Acquisition
The risks of supply chain threat sharing
While many national security initiatives can lean on non-public or classified intelligence to guide their efforts, for the most part that hasn’t been the case when it comes to threats to the technology supply chain. In fact, suppliers can often have difficulty mapping out their own chains once it gets down to the third or fourth tier of subcontractors.
There have been efforts to correct that problem, with Congress passing a provision in the 2020 National Defense Authorization Act to establish a supply chain and counterintelligence task force at the Office of the Director of National Intelligence to improve intelligence for U.S. government acquisition. The Department of Homeland Security has also stood up an Information and Communications Technology Supply Chain Risk Management Task Force, including a working group dedicated to bidirectional information sharing issues.
Despite these efforts, information about specific, credible threats to the supply chain can be hard to come by.
“Having spent the last 10 years in the intelligence community, I think a critical finding for me was that, despite public musings to the contrary, there is not some giant pile of supply chain intelligence sitting behind some sort of classification wall that is available to share,” said Cheri Caddy, a senior cybersecurity advisor to the Department of Energy, a former National Security Agency official and one of the chairs of the information sharing working group during an Aug. 19 event hosted by the Intelligence and National Security Alliance.
In fact, some of the most relevant information has tended to come from either open source data or through shoe-leather reporting – reaching out to companies for interviews, going behind paywalls for contract or supplier data and getting to the “ground truth of dealing with specific vendors and understanding when things are going wrong.”
Kathryn Condello, senior director for national security emergency preparedness at CenturyLink and co-chair of the same working group, said often the most valuable information companies are looking for is also the hardest to safely share: what she calls “the naming of names problem.”
Getting a heads up that a specific supplier or individual is untrustworthy or suspicious can help vendors — particularly those who do business with the government — keep their secondary and tertiary supply chains clean. That kind of insight can also be legally perilous for companies to share unless they have substantial evidence to back up the claim.
“How do you share the fact that you just canceled this contract with this vendor who was wonky because it just didn’t look right?” asked Condello. “Well it turns out there’s a lot of law associated with not sharing kind of information.”
Liability concerns
Dismas Locaria, a lawyer at Venable with a background in supply chain and information sharing issues, told FCW that companies often have suspicions about certain suppliers but generally lack smoking gun evidence of intentional wrongdoing. That uncertainty can leave them in danger of being sued for defamation or interference with a contract if they pass along information that turns out to be inaccurate. They could even find that same government scrutiny turned back around onto their operations.
“There are all sorts of things where, if you’re wrong, you’re potentially liable,” said Locaria.
When it comes to sharing information on supply chain threats, he advises clients to stick to documentation wherever possible and avoid “the slippery slope” of adding any analysis or opinion on top.
“Are we talking names [and] is our name on the record? Are we giving names? How specific are we getting?” said Locaria, running through a list of questions the company has to consider. “If we’re talking names, then my view is let’s just provide documents…turn it over to the government and let them make their own inferences about it. Let the document speak for itself and let the government connect the dots.”
An interim report issued by the DHS task force last year laid out a number of data points that could be useful in snuffing out supply chain threats, such as information around counterfeit parts, malicious code inserted into software and tips about insider threats or physical attacks on participants or products in the chain. It also found that intelligence around this area was “unique” and that “actionable information often requires a level of specificity which may create sensitivities about how it is shared” that create “a range of legal considerations that ICT stakeholders must navigate.”

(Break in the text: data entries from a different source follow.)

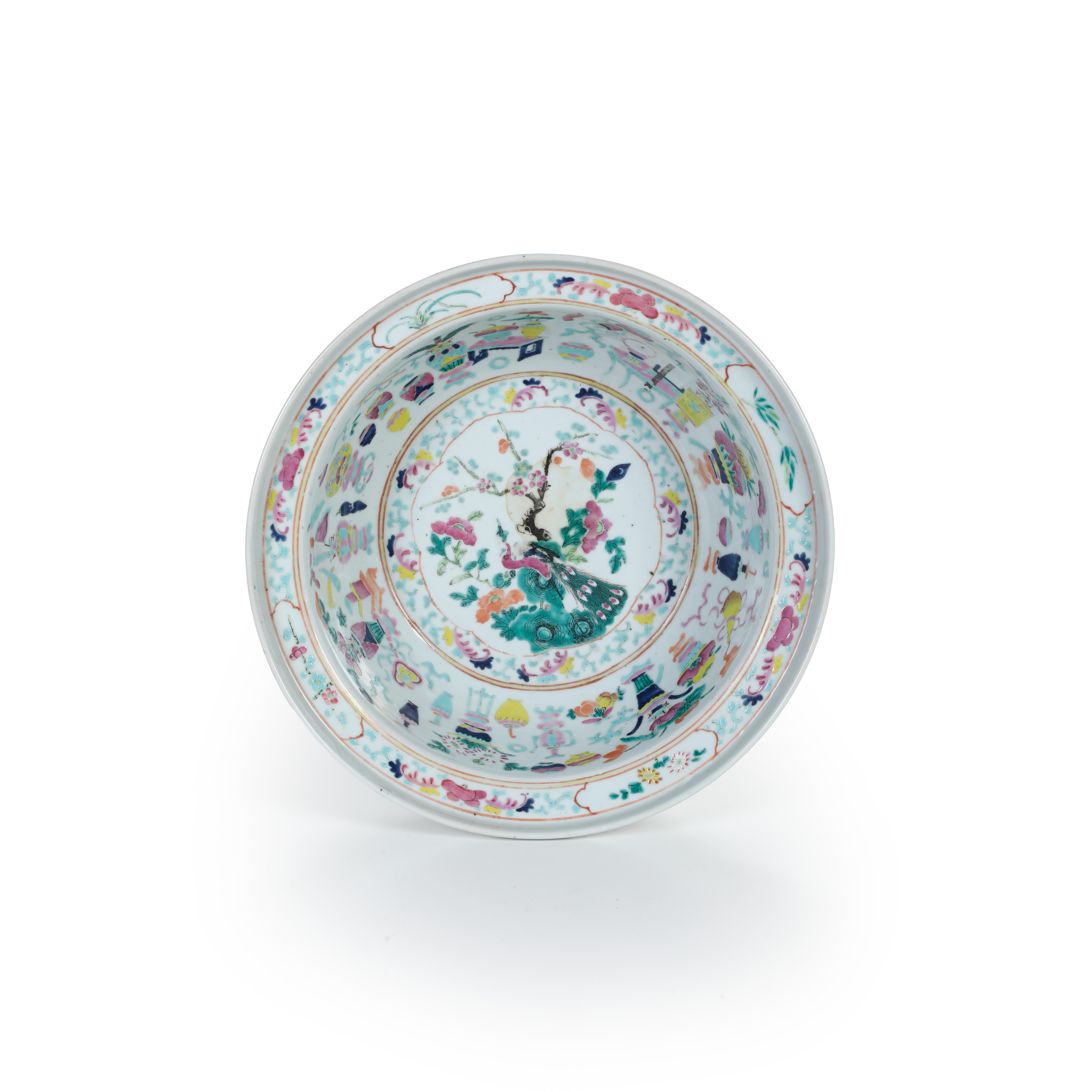 Ciotola in porcellana Famiglia Rosa raffigurante fenice con decori a motivi geometrici e vegetali, Cina, Dinastia Qing, XIX secolo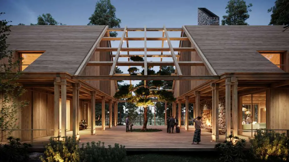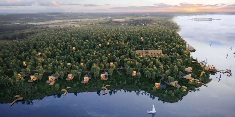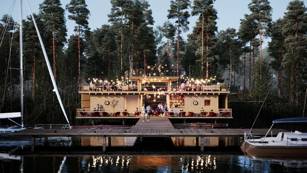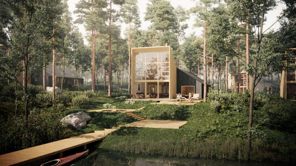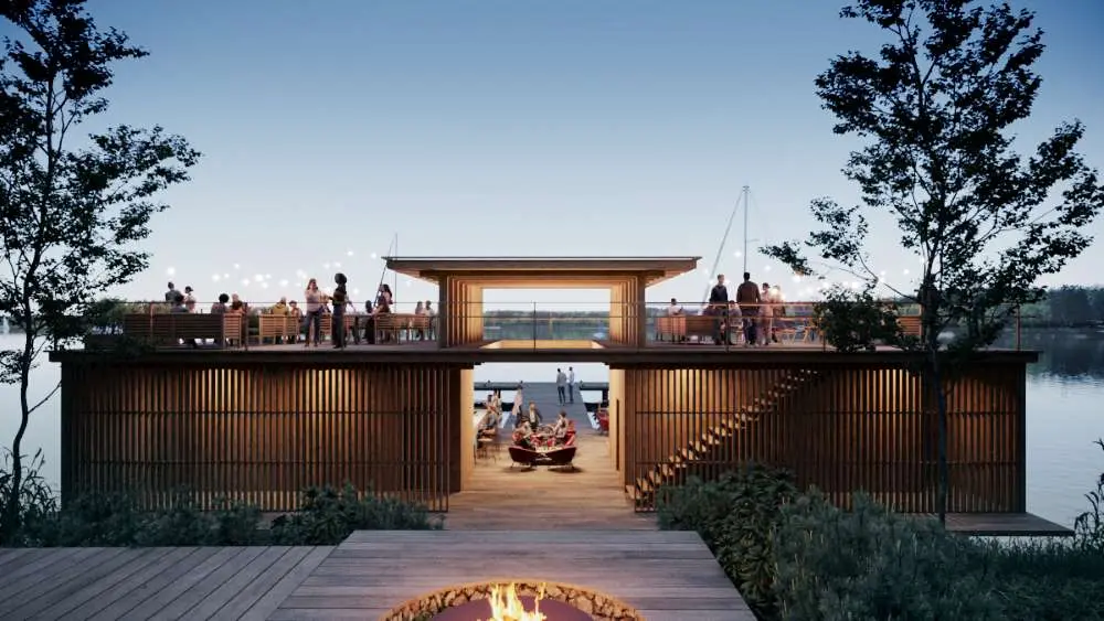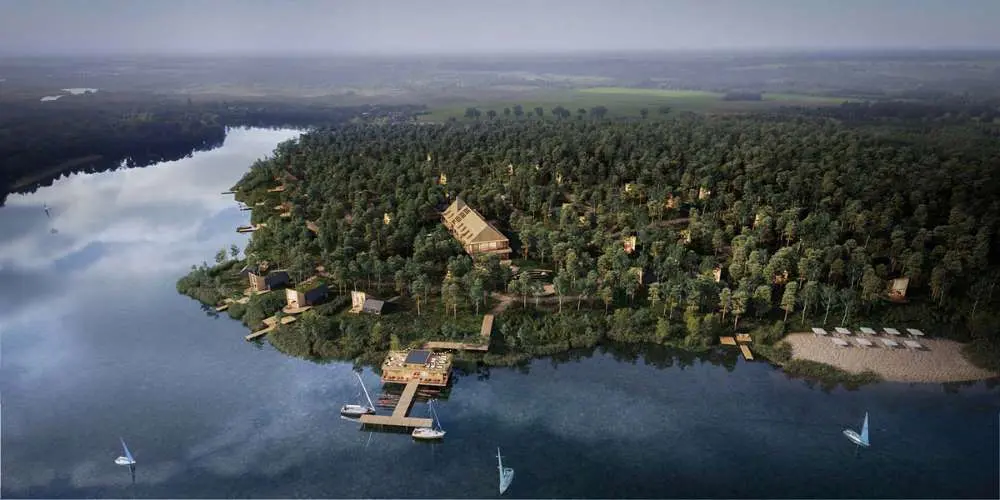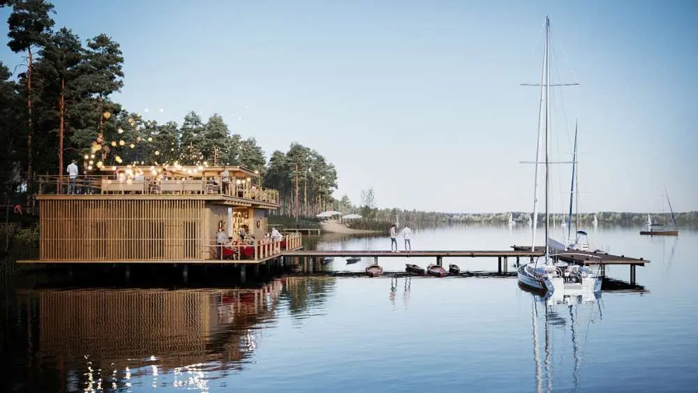 Przyjeżdżając po raz pierwszy na teren budowy domów, zaprojektowanych przez zespół architektów Boris Kudlička with Partners, czuje się, że pobyt w tym miejscu może być wyjątkowy, a przygoda i relaks w duchu slow life zaczyna się właśnie tu i teraz. Każdy szczegół tutejszej infrastruktury, obejmującej poza domami (w pierwszym etapie powstanie ich 36 , w drugim 14) własny port z możliwością cumowania łódek, recepcję, plażę, SPA, amfiteatr, kino plenerowe, szklarnie, siłownię, salę konferencyjną, podgrzewany basen zewnętrzny czy stację do ładowania e-samochodów, oferuje wyjątkowe udogodnienia i usługi, pasujące do statusu tego miejsca, znajdującego się zaledwie dwie godziny drogi od Warszawy i Gdańska.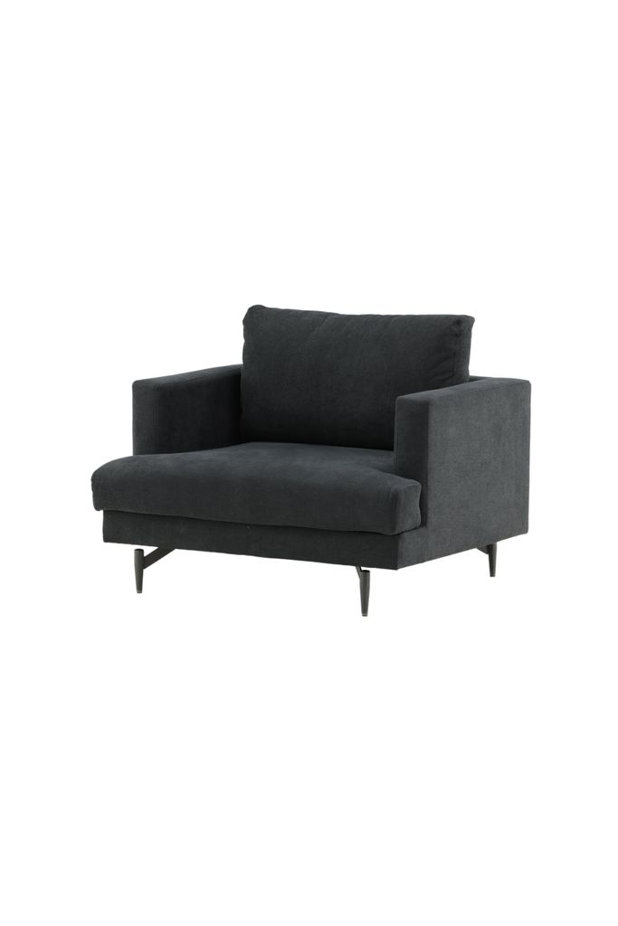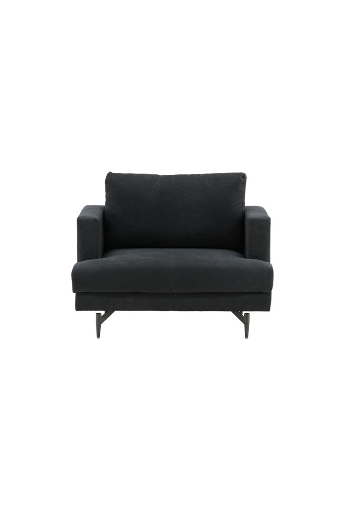 Inred ditt hem med stil med Sofia Fåtölj från Venture Home. Denna fåtölj erbjuder en minimalistisk nordisk design med mjuka kuddar och en stilren klädsel i svart polyestertyg. Benen av svart pulverlackerad metall ger ett lyft och bidrar till ett elegant blickfång. Tack vare den klädda baksidan kan fåtöljen placeras mitt i rummet och fungera som en stilikon i ditt hem eller som en del av en större soffgrupp.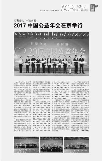 2017年12月13日,以“”為主題的“2017中國公益年會”在北京國家會議中心舉行,年會發(fā)布2017年度十大公益新聞,一批優(yōu)秀的公益人物、公益企業(yè)和公益記者在會上受到表彰,成為本年度中國公益行業(yè)的代言者。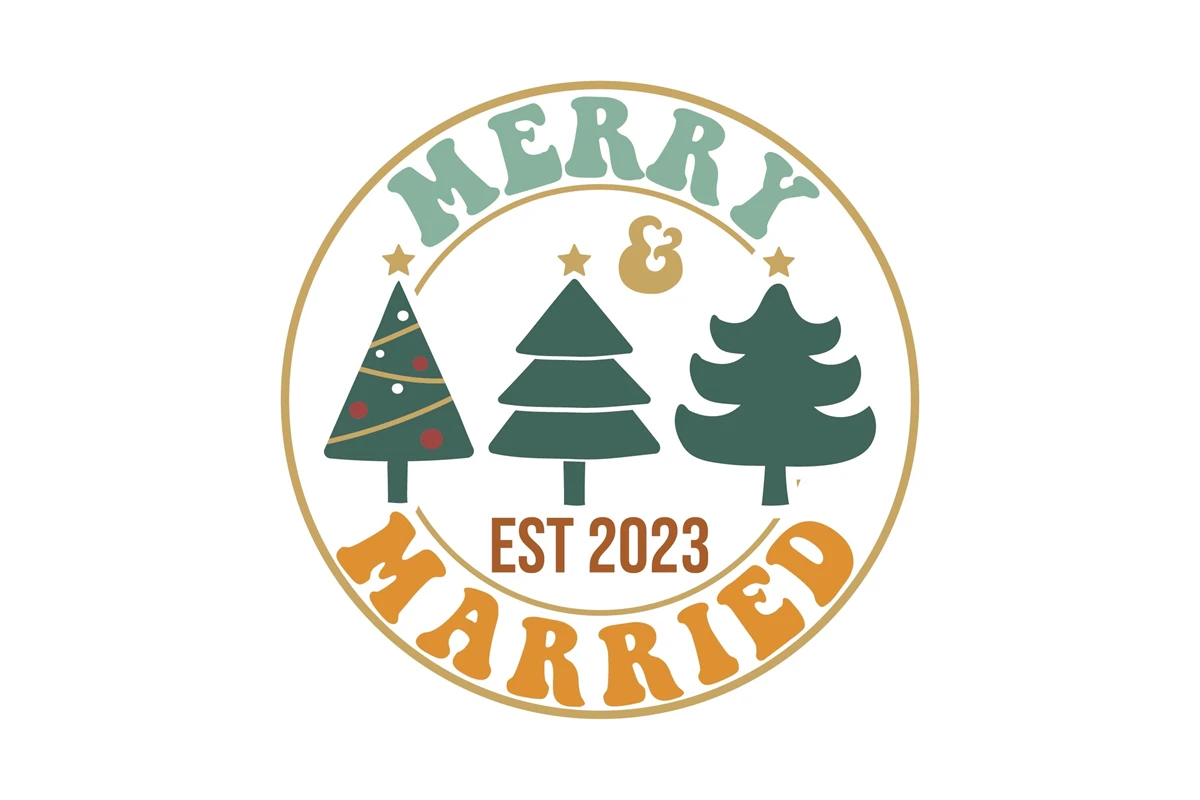 Merry and Married Est 2023 T-Shirt Ready Home Print.
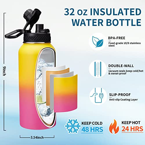 1 Gallon Water Bottle with Straw - 128oz Stainless Steel Water Jug with Sleeve Carrier Bag, Auto Spout Lid, Paracord Handle, Large Insulated Water Bottles Gallon Water Jug, Metal Hydro Thermo Flask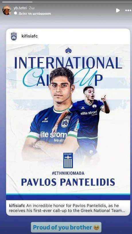 Ο επιθετικός της Κηφισιάς συνεχάρη τον συμπαίκτη του σε ένα story στο instagram…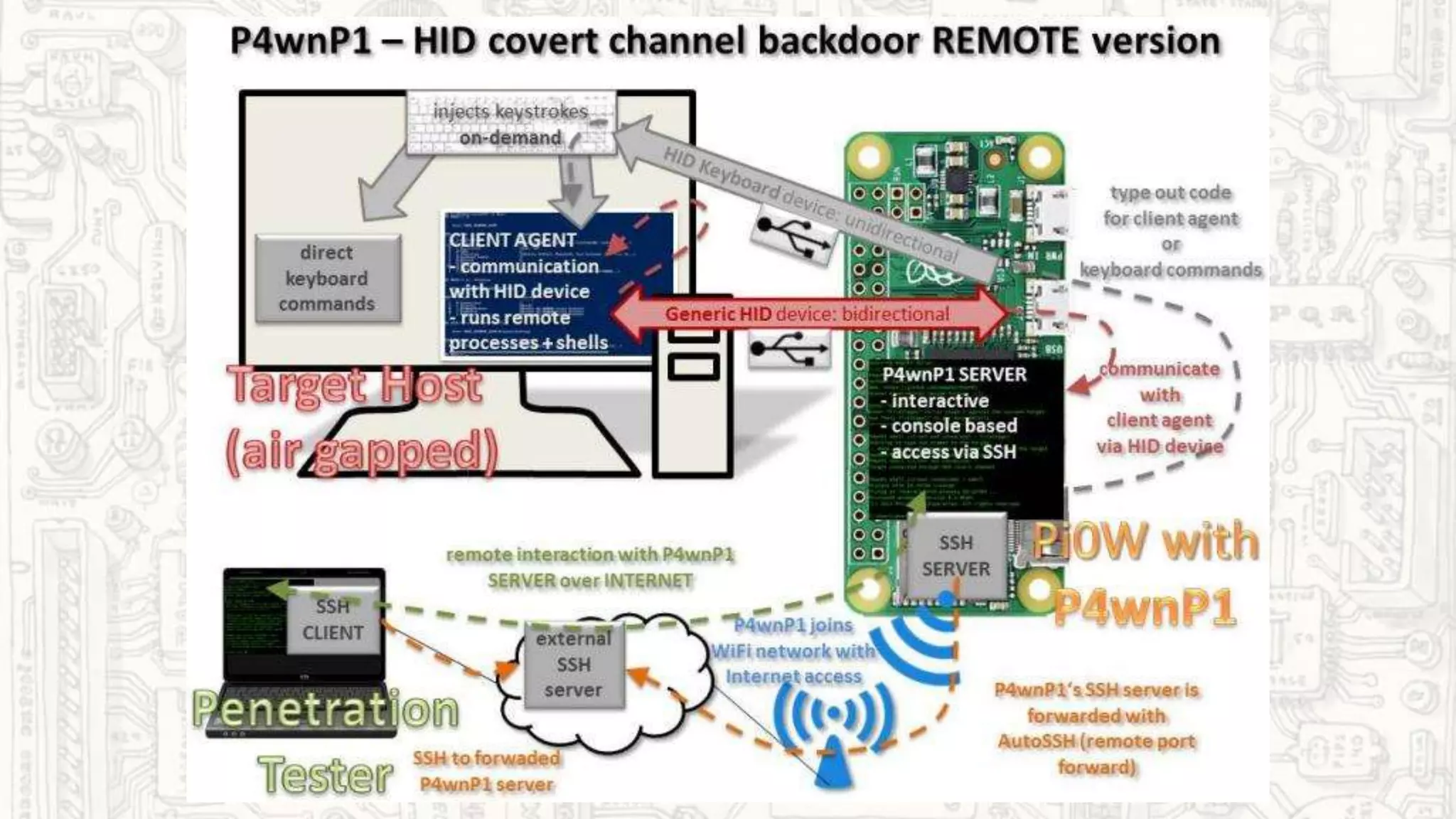 This document discusses various generations of HID attack devices that can inject keystrokes and payloads without detection from antivirus or DLP tools. It covers 1st gen devices like Teensy and Rubber Ducky, 2nd gen techniques like BadUSB, and advanced 3rd gen tools like WHID Injector and P4wnP1 that add WiFi capabilities and ways to bypass airgapping. It also discusses mitigation techniques for Linux and Windows like usbguard and duckhunt as well as resources for further information.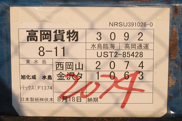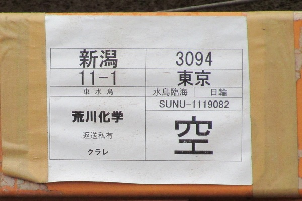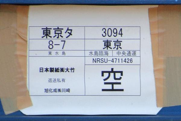 有者】 株式会社日陸 【借受者】 旭化成株式会社 【輸送品目】 ラテックス専用 【運用区間】 東京(タ)〜東水島(荷票の写真はこちら) 【その他】 発荷主は、旭化成(株)川崎製造所、着荷主は日本製紙(株)大竹工場である。 2017.8.20作成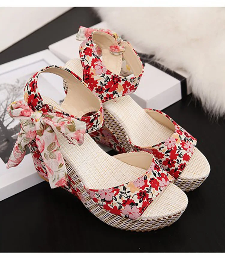 Женские босоножки на шнуровке; Босоножки на платформе с открытым носком; Scarpe Donna; пикантная обувь на танкетке с цветочным принтом; обувь в стиле бохо на толстой подошве; Летняя женская обувь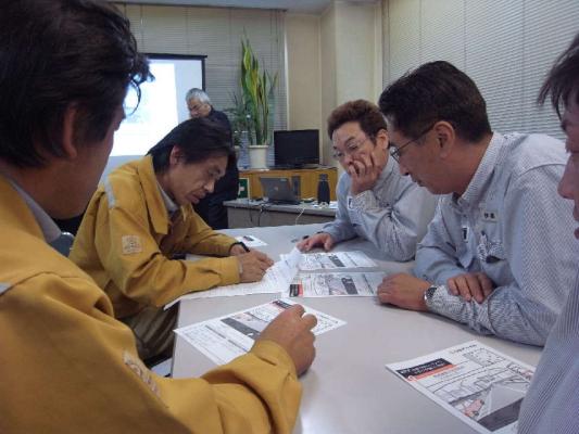講習会場は重量品輸送が主力の当社君津支店。同支店ドライバー19 名が参加し、トレーラー特有の構造や挙動特性、事故要因などの詳しい解説を受けました。また、防衛運転を目指して危険予知トレーニングなどが行われました。日頃、顔を合わせないドライバー同士が活発に意見交換をするなど学び合う絶好の機会となりました。

“Critically, [we] concluded that effective information sharing may necessitate the exchange of sensitive vendor or supplier data, including the names of specific entities,” the report states.
The working group has subsequently reached out to law firms, including Wilkinson, Barker and Knauer, to develop a cheat sheet designed to guide vendors or employees who don’t have legal backgrounds around what they can relay to the government or industry without running afoul of liability laws. A CISA spokesperson said an updated report detailing the task force’s year two findings is currently scheduled for completion this fall.
Edna Conway, vice president and general manager of global security and risk and compliance for Azure at Microsoft, sits on the executive committee of the task force and co-leads the working group addressing information sharing. She told FCW that developing good policy around legally sharing supply chain risk information “continues to be a fundamental issue.”